🤖 AI Summary
Hyperparameter tuning for the Adam optimizer is computationally expensive and exhibits poor generalization across tasks. Method: We propose a synergistic framework—Adam-PFN and CDF-augment—that jointly addresses these limitations. First, we introduce Adam-PFN, a pre-trained proxy model specifically designed for Adam hyperparameter optimization, leveraging transfer learning from TaskSet learning curves. Second, we design CDF-augment, a novel data augmentation strategy that models learning curve priors via cumulative distribution functions to enhance sample efficiency in freeze-thaw Bayesian optimization. Contribution/Results: Experiments demonstrate that our method significantly improves learning curve extrapolation accuracy and hyperparameter convergence speed under low evaluation budgets.

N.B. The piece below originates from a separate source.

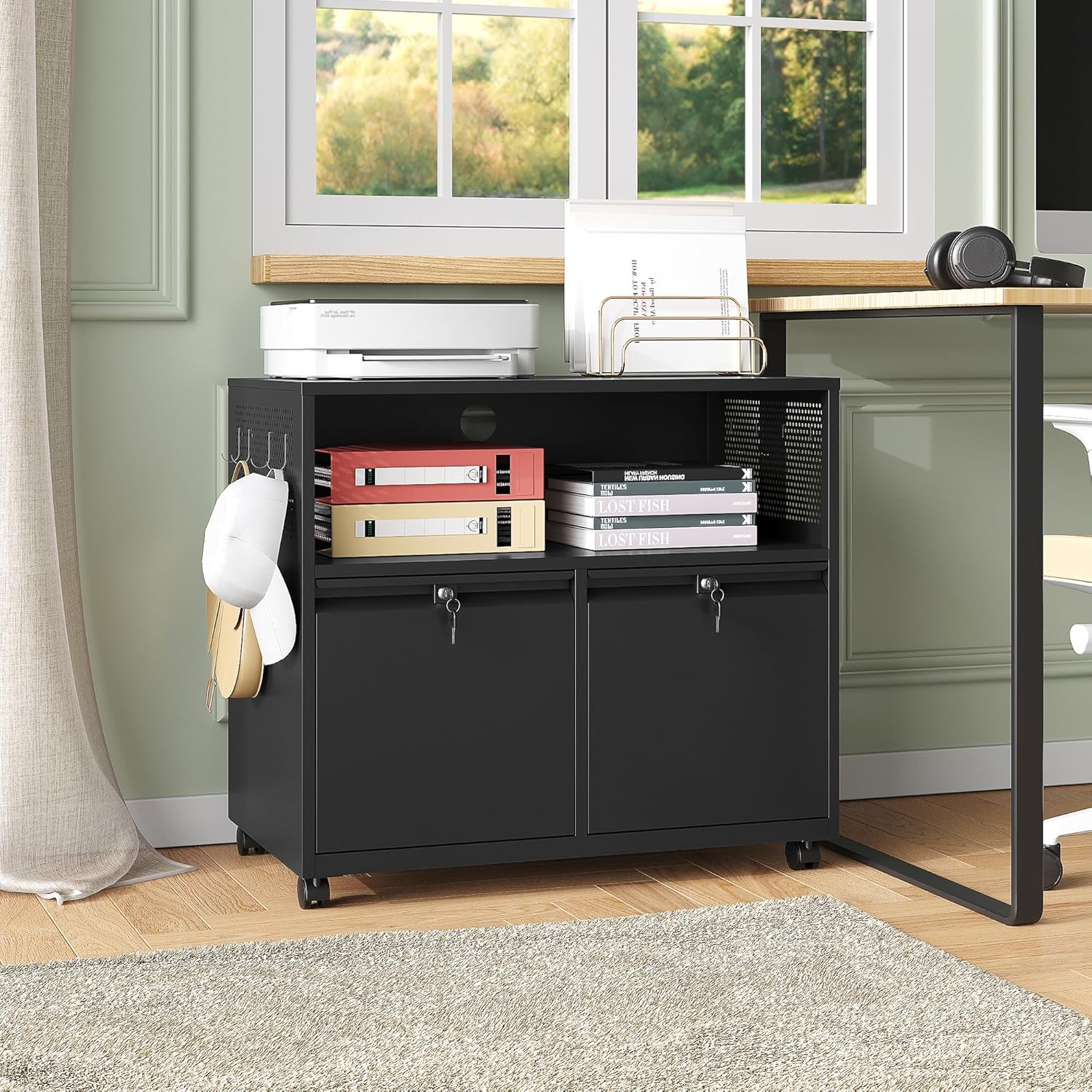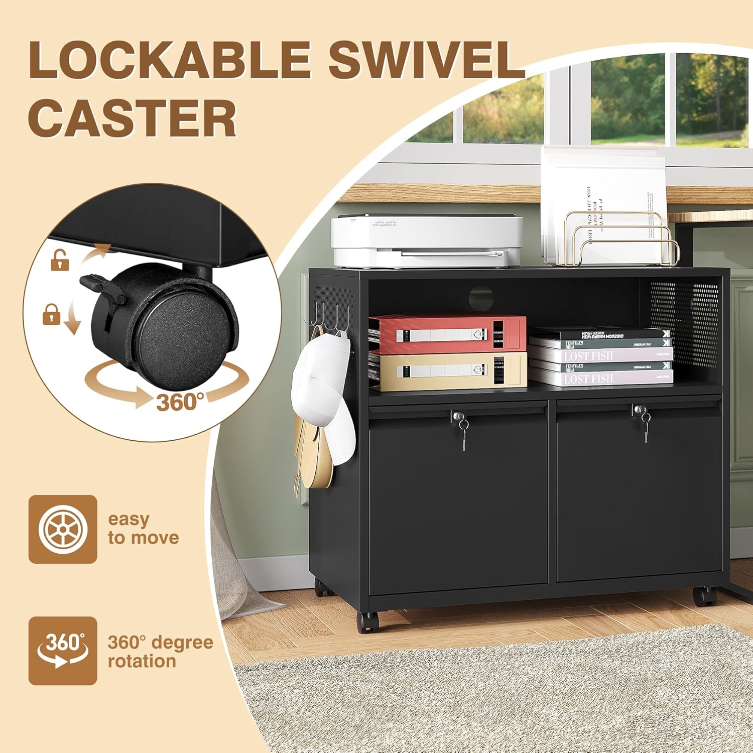 Mobile Filing Cabinet with Lock,Metal Lateral File cabinets Printer Stand with Storage Cabinets for Home Office,A4/F4/Letter (Black)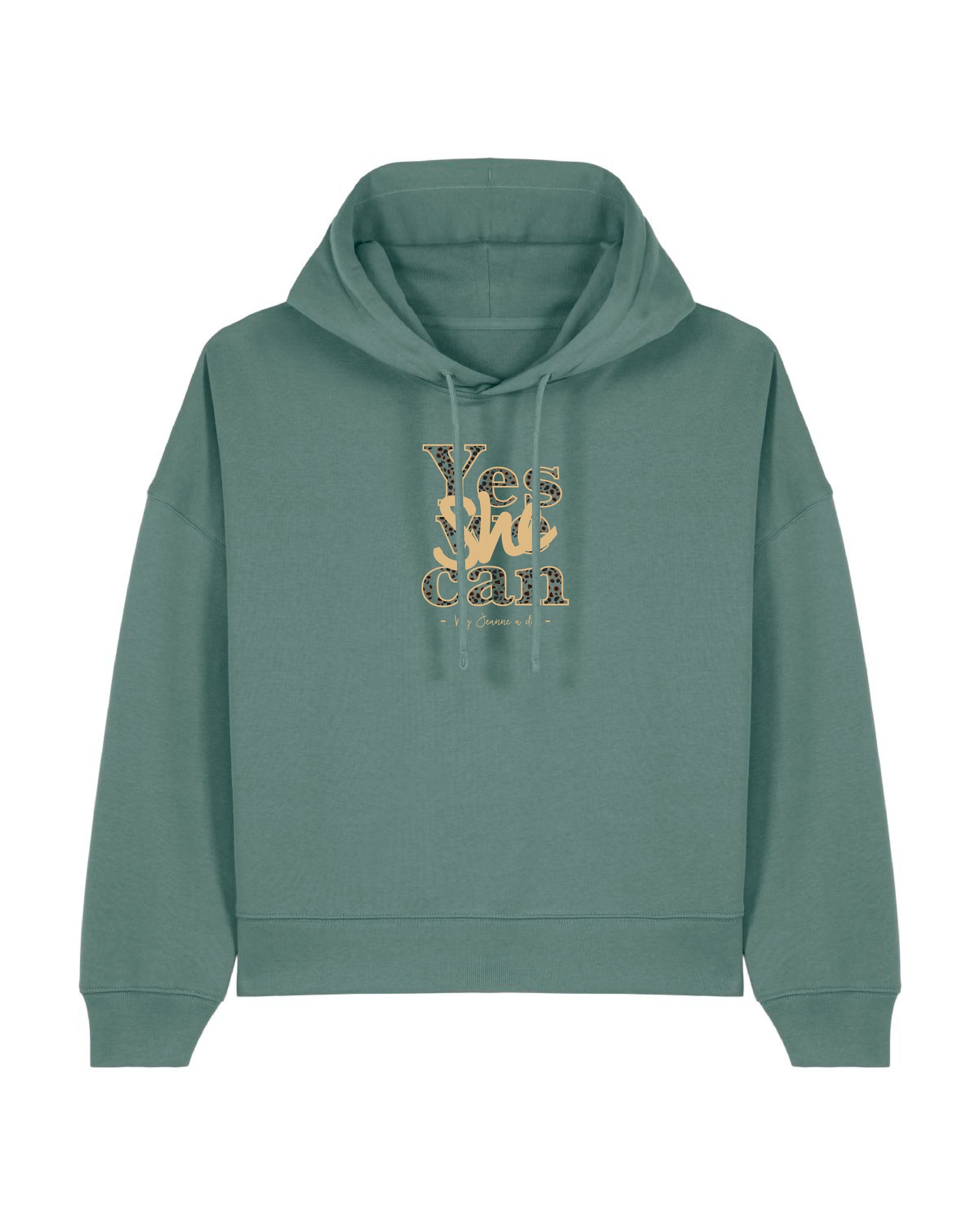 Sweat BOXY femme en coton bio à capuche "Yes she can"

It achieves superior robustness and generalization both in-distribution (on TaskSet) and out-of-distribution (on unseen tasks), establishing a new paradigm for efficient, transferable optimizer hyperparameter tuning.
📝 Abstract
The Adam optimizer remains one of the most widely used optimizers in deep learning, and effectively tuning its hyperparameters is key to optimizing performance. However, tuning can be tedious and costly. Freeze-thaw Bayesian Optimization (BO) is a recent promising approach for low-budget hyperparameter tuning, but is limited by generic surrogates without prior knowledge of how hyperparameters affect learning. We propose Adam-PFN, a new surrogate model for Freeze-thaw BO of Adam's hyperparameters, pre-trained on learning curves from TaskSet, together with a new learning curve augmentation method, CDF-augment, which artificially increases the number of available training examples. Our approach improves both learning curve extrapolation and accelerates hyperparameter optimization on TaskSet evaluation tasks, with strong performance on out-of-distribution (OOD) tasks.